The concert functioned as a participatory, relational art performance very much concerned with how individuals and perhaps esp. crowds react when under certain conditions directed to carry out certain protocols. Most of the attendees had a fun, perhaps heart-warming or even uplifting experience; for me, the implications seemed a bit more complex and even ambivalent. Organized into concerted effort, we're all but invincible; but we also have a disturbing proclivity to suspend not just our disbelief but our critical faculties, and the collective can be deployed to discourage independence.

I also liked Adam Bork's installation (right), at El Cosmico; more pics and vidis of all that starting here.

You can find more visuals of more works, and links to more info, starting here.

October 8, 2009

Affordable Healthcare for ALL (Even Artists)

Sun., Oct. 25, 11 - 12:00: PAC-WE "flash mob" convenes at the Morton Meyerson Symphony Hall, Dallas, TX, under the Mark di Suvero sculpture (the big orange-ish - red, x-ish, pendulum thing).

Many if not most artists and art professionals are independent contractors who must either pay dearly for health insurance or go without. PAC-WE is being organized in order to demonstrate in support of the meaningful health insurance reform so many of us badly need. As I understand, yellow ponchos will be provided in return for a very small donation, for participants to wear. The organizers write,

PAC-WE: An ACTION by and for the North Texas Art Community calling for health care reform.

PAC – WHAT? The Professional Artist Coalition is a ‘flash mob action’ creating a bright public yellow signal for health care reform. A first for Dallas, and this cause.

PAC - WHO? The North Texas art community. This includes thousands of citizens daily engaged in the visual, performing, literary, media, and commercial arts.

PAC- WHERE? Morton Meyerson Symphony Hall- convene under the di Suvero Sculpture ‘Proverb/ Pendulum for preparation of happening.

PAC- HOW? Show up and bring your friends, your coffee and donuts.

PAC- WHY? Because artists of any kind stand with the American people to demand a change to the status quo of a broken health care system. Because artists are unique victims of the health care status quo. Most are independent contractors, uninsured or underinsured. Because artists are fed up with other PAC's (Political Action Committees) funded by insurance and drug companies that are fighting to care for profits instead of health. Because the North Texas art community realizes that at the very moment that Dallas is celebrating its new PAC (Performing Arts Center), with architects and programming imported from elsewhere, it has no plan to sustain its own creative community. Because artists have been silent and invisible for too long when it comes to the health and care of our society.

PAC WE - The Origin of the Concept. PAC MAN is a sign of consumption. We often consume health care and culture without thinking about its wider context. We don't ask why healthcare costs so much or why so many are left without it.

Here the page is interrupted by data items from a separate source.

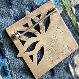 Rare Vintage De Marcay Brooch Sterling Silver Pin Modernist Cutwork Western Flower with a nod to deco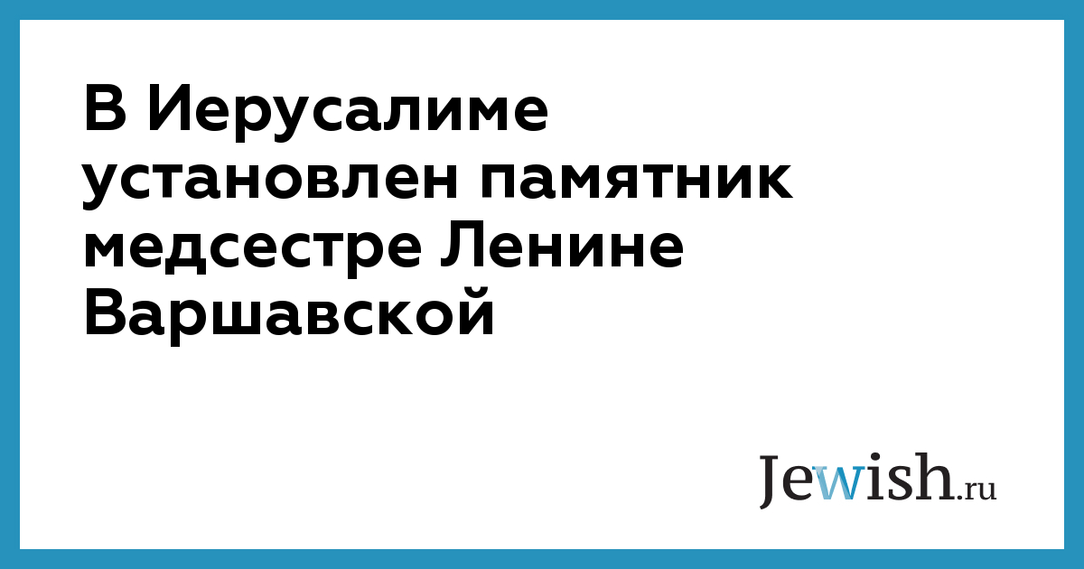 В Иерусалиме установлен памятник медсестре Ленине Варшавской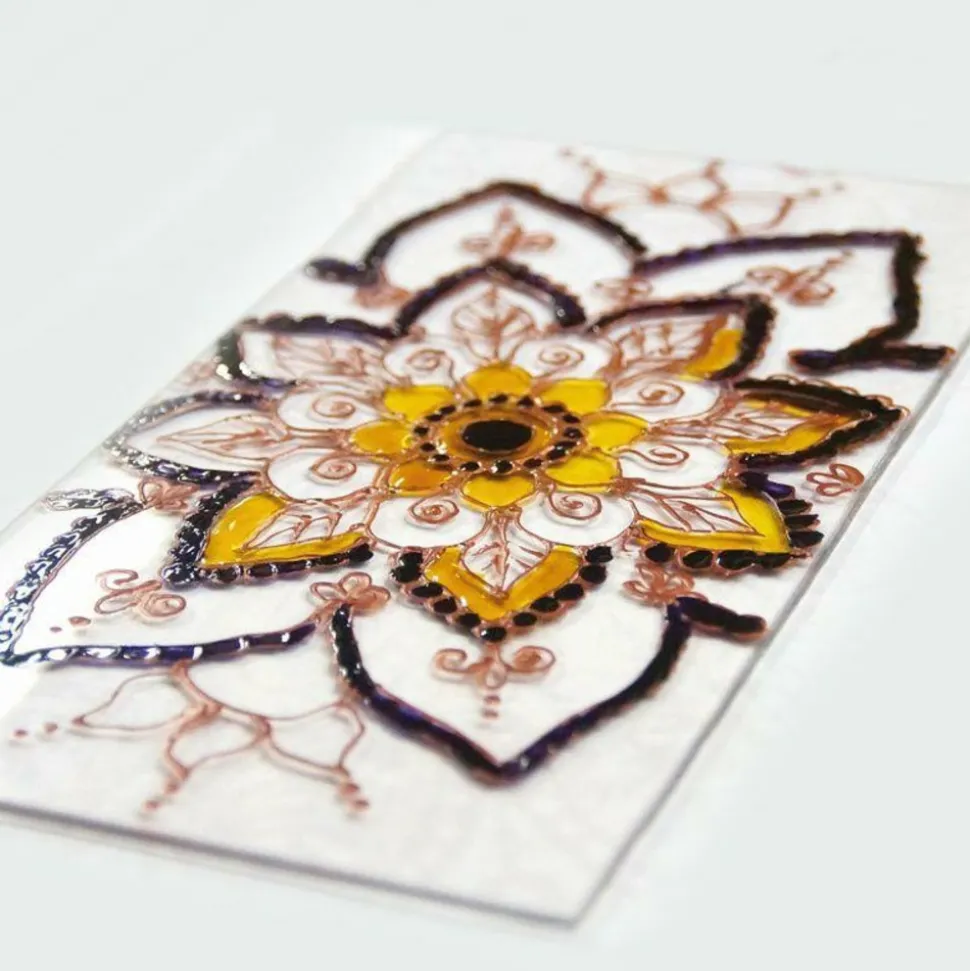 Avec le cerne, dessinez les contours de vos dessins puis remplissez-les de peinture pour verre. Le cerne permet d’avoir des dessins mieux délimités. Couleur : noir. Contenance : 20 ml.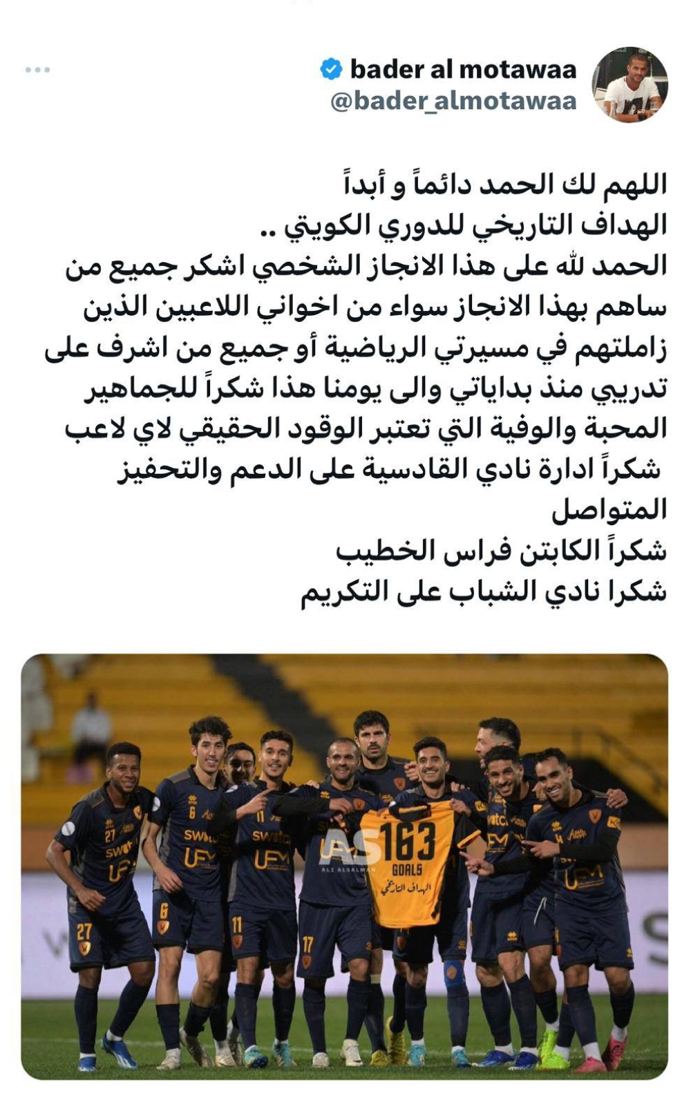 وكانت اللقطة الأبهى في تتويج المطوع هذا الممر الشرفي من لاعبي الشباب في المباراة التي جمعت الفريقين، كما كان احتفال زملائه اللاعبين في القادسية مميزاً، برفع قميص للمطوع يحمل رقم 163.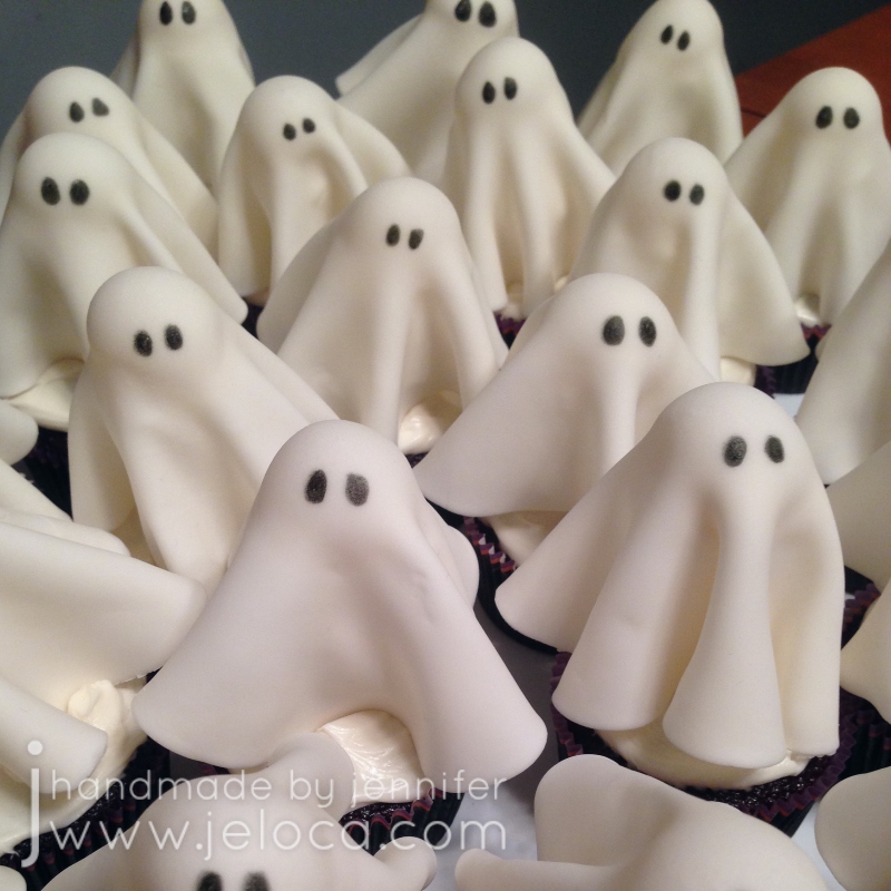 Repeat until all your ghosts can see and then set them into your cake/cupcakes (if using). If you are placing them into treat bags to give out as Hallowe’en favors, allow them to air-dry until the fondant sets up.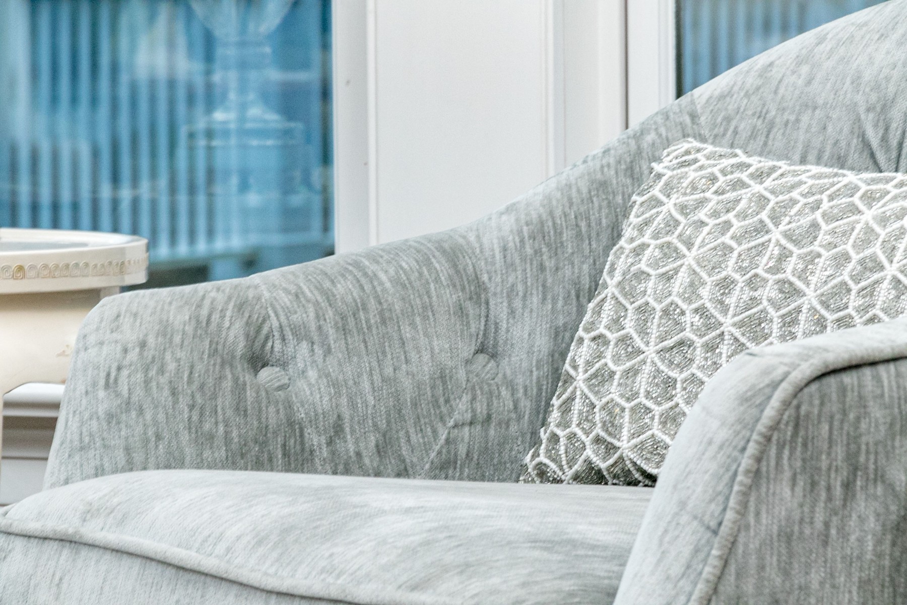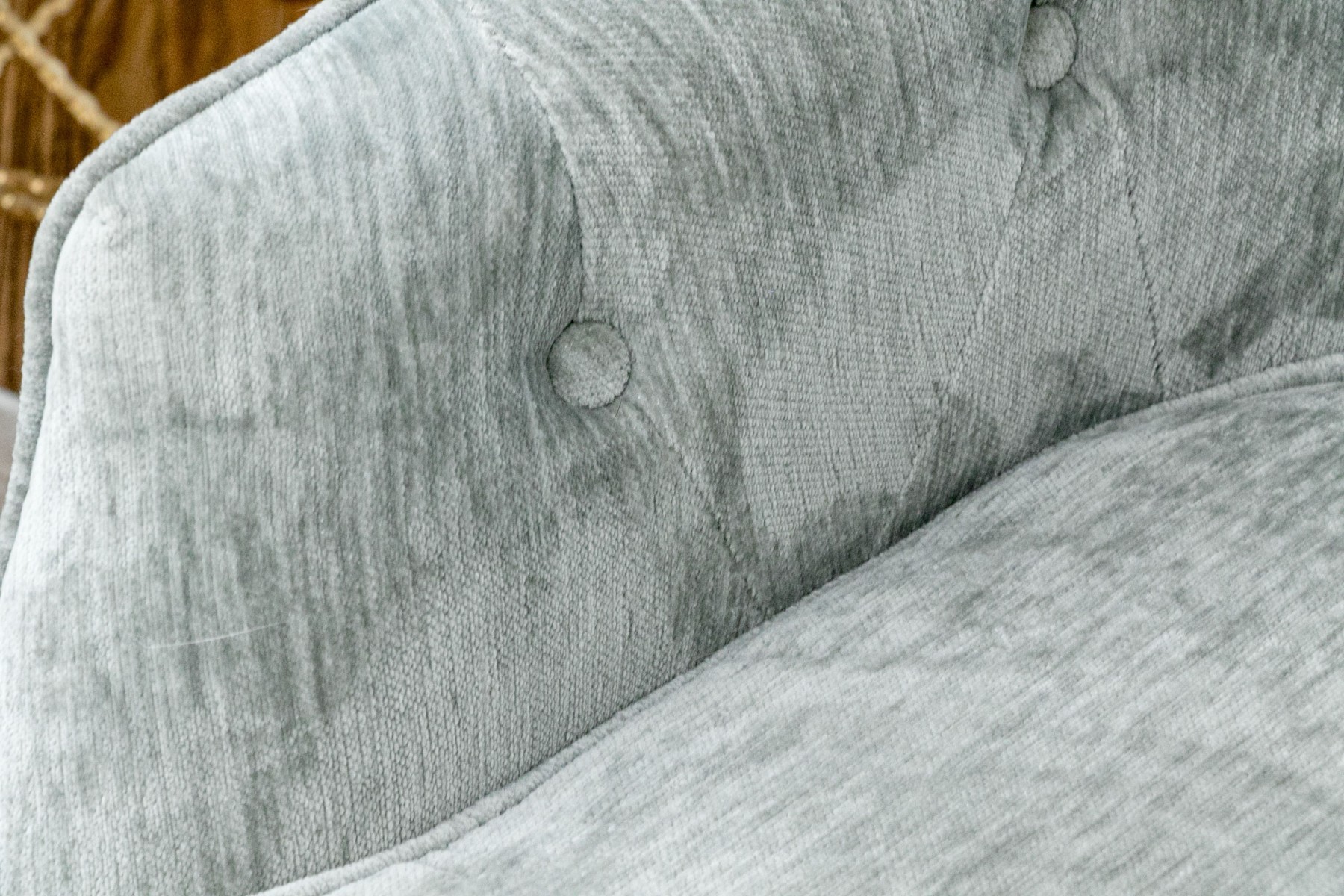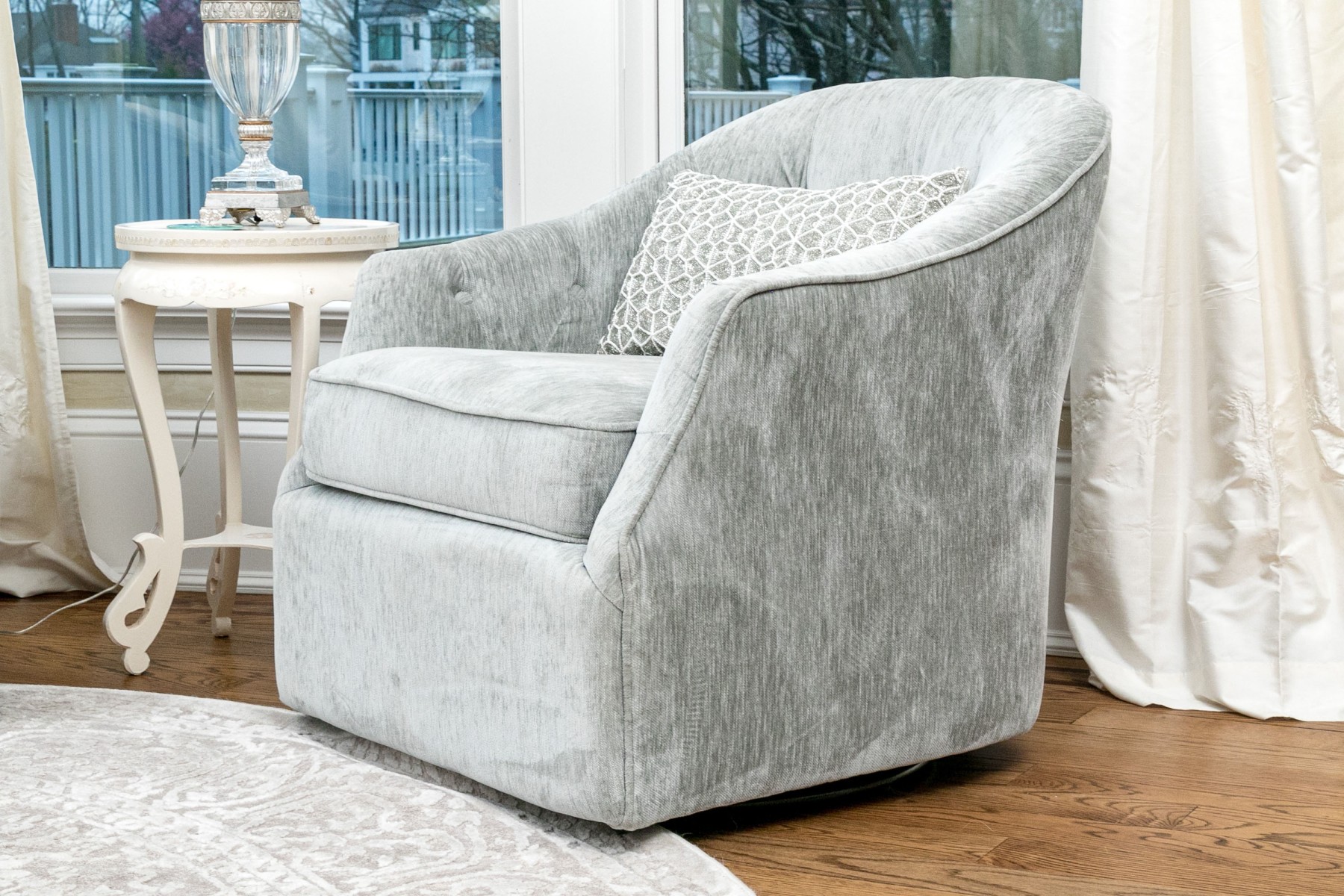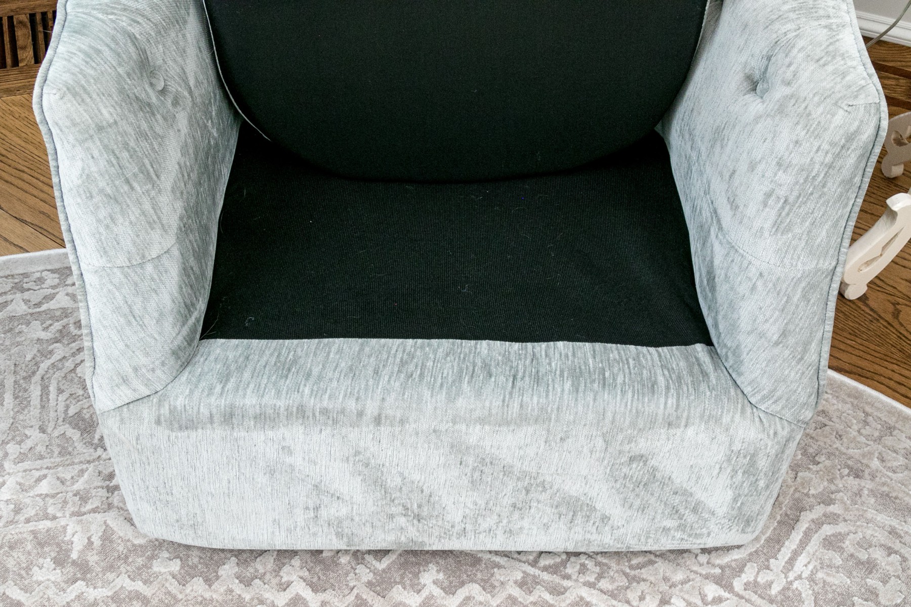 These handsome and practical chairs are velvet upholstered and have a button tufted back and arms with a removable seat cushion and a beaded accent pillow with the label “Artistic Accents.”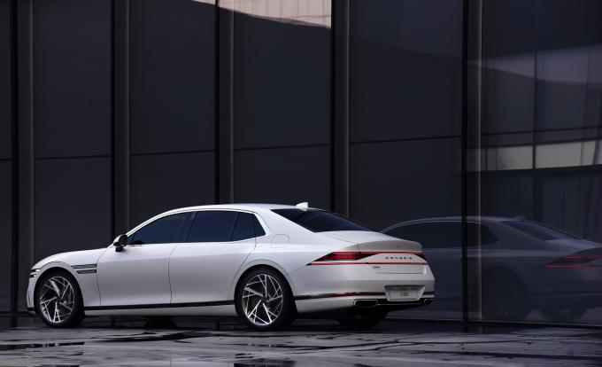 후면부는 제네시스 디자인의 핵심 요소인 두 줄의 리어 콤비램프가 트렁크를 따라 길게 이어져 있으며, 두 줄 사이에 제네시스 레터링 엠블럼을 간결하게 배치했다.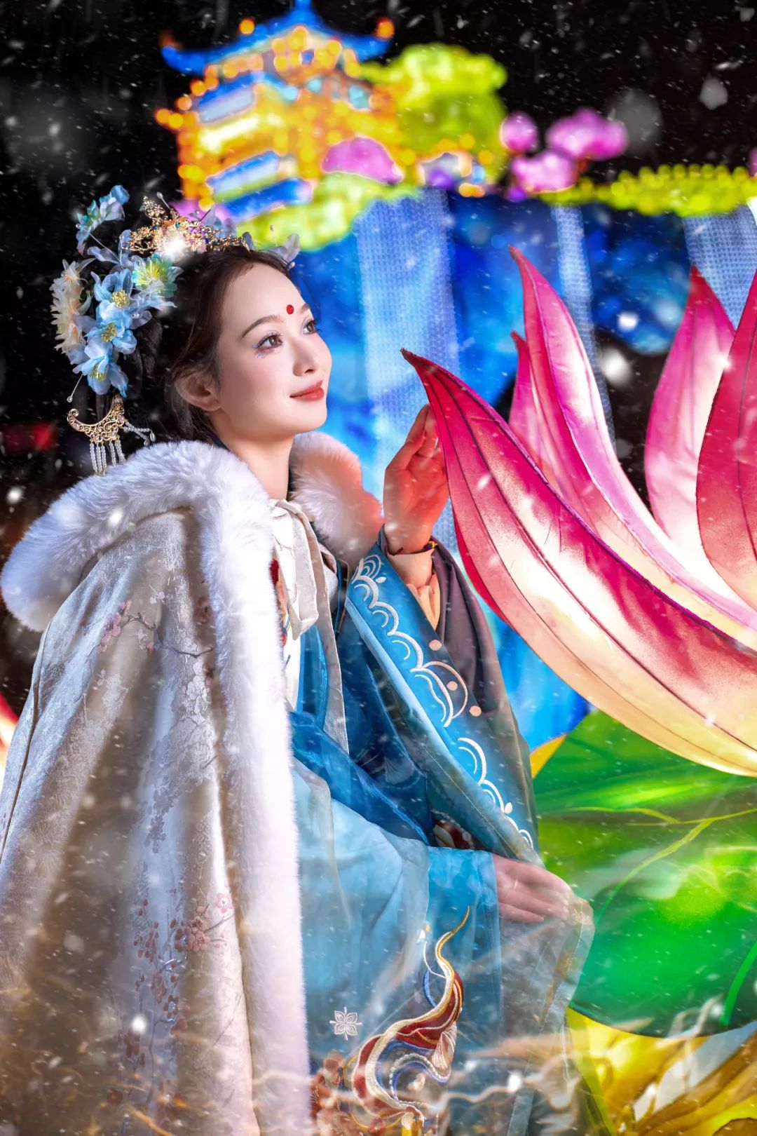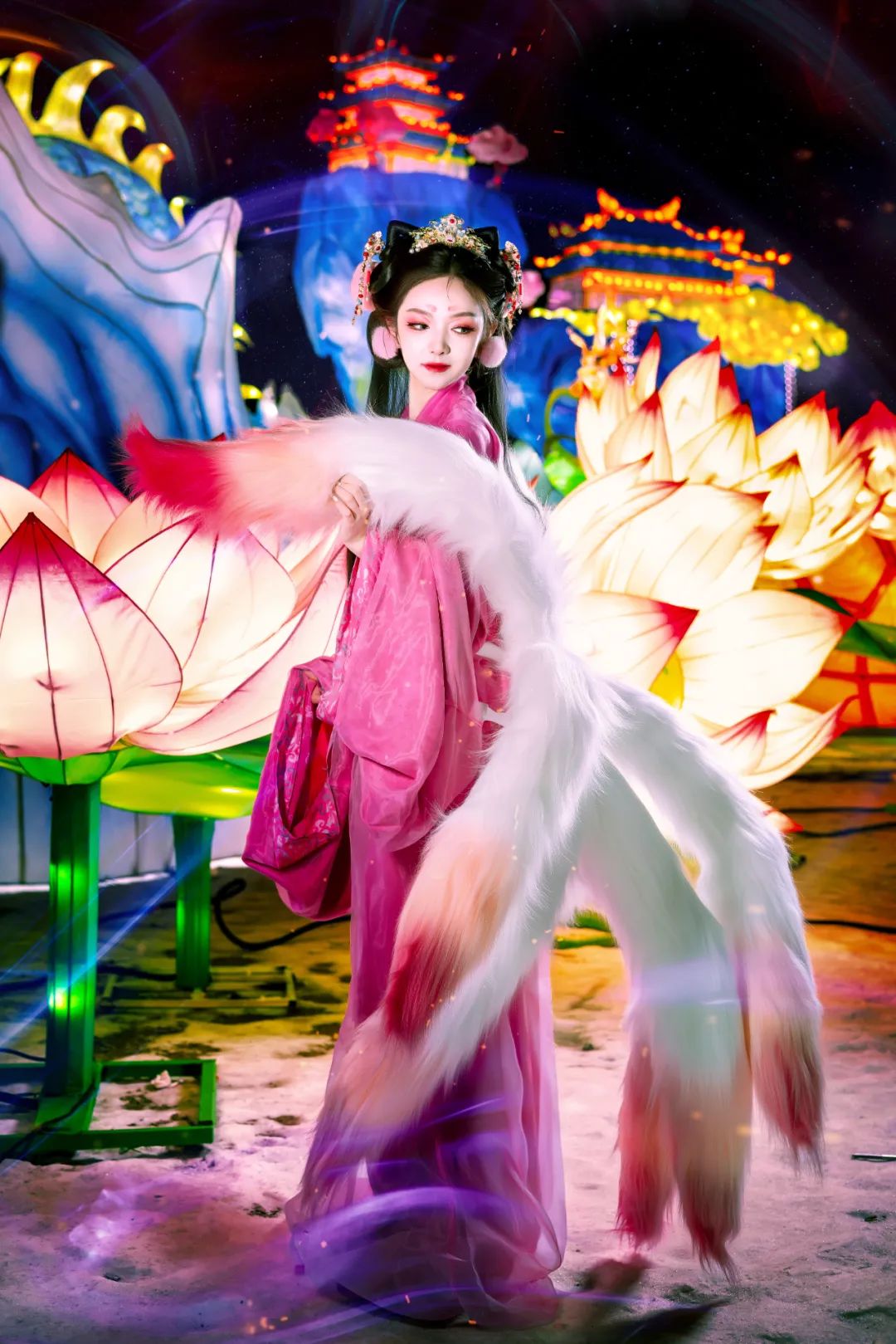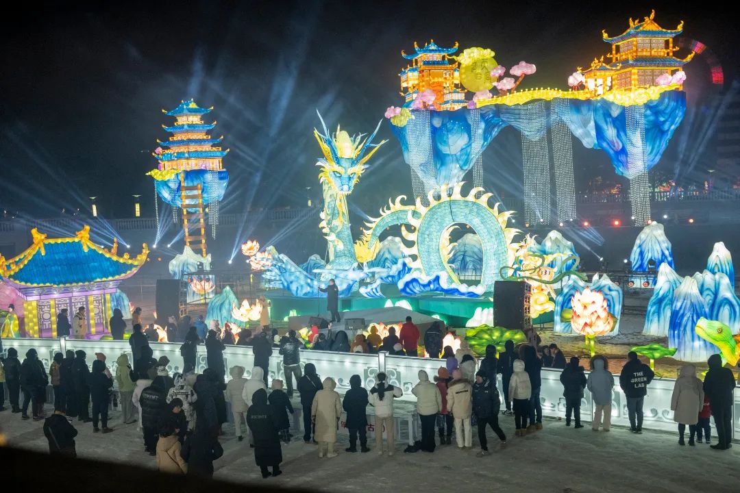 烟花于夜空轻舞飞扬,花灯在大地流光溢彩。80余位自贡匠人夜以继日,历时近两个月,打造了100余组炫彩花灯——“长白天下雪,盛世中国年”2025年长影新春冰雪灯会,集冰雪之美、彩灯之美、电影之美、新春之美于一体。

We also don't ask about the livelihoods and healthcare of the artists that are seen as culture providers. Since the cuts in arts funding on a national and local level (most notably during the culture wars of the 1990s) artists have been cultural workers who contribute to our communities with little or no support in return.

But PAC MAN is also a sign of the earliest glimmer of technology and its promise for the future. When it was invented in the 1980's we would never have guessed that the internet would create a world that was so connected and empowered by the access to information. These qualities drive this event by connecting us and empowering us, based on our access to information that is so condemning of the status quo. These qualities bring us together on this day for this action.

We use the yellow color of PAC MAN as a sign of wisdom, optimism, clarity and awareness.
At left is a map of the location/route (click on the image for a larger version). See PAC-WE's facebook page, and more details soon at PAC-WE.

ALSO, MoveOn is holding a "Whose side are you on?" rally at noon on Wed., Oct. 14, at Senator John Cornyn's Office in north Dallas at 5001 Spring Valley Rd., Dallas (map).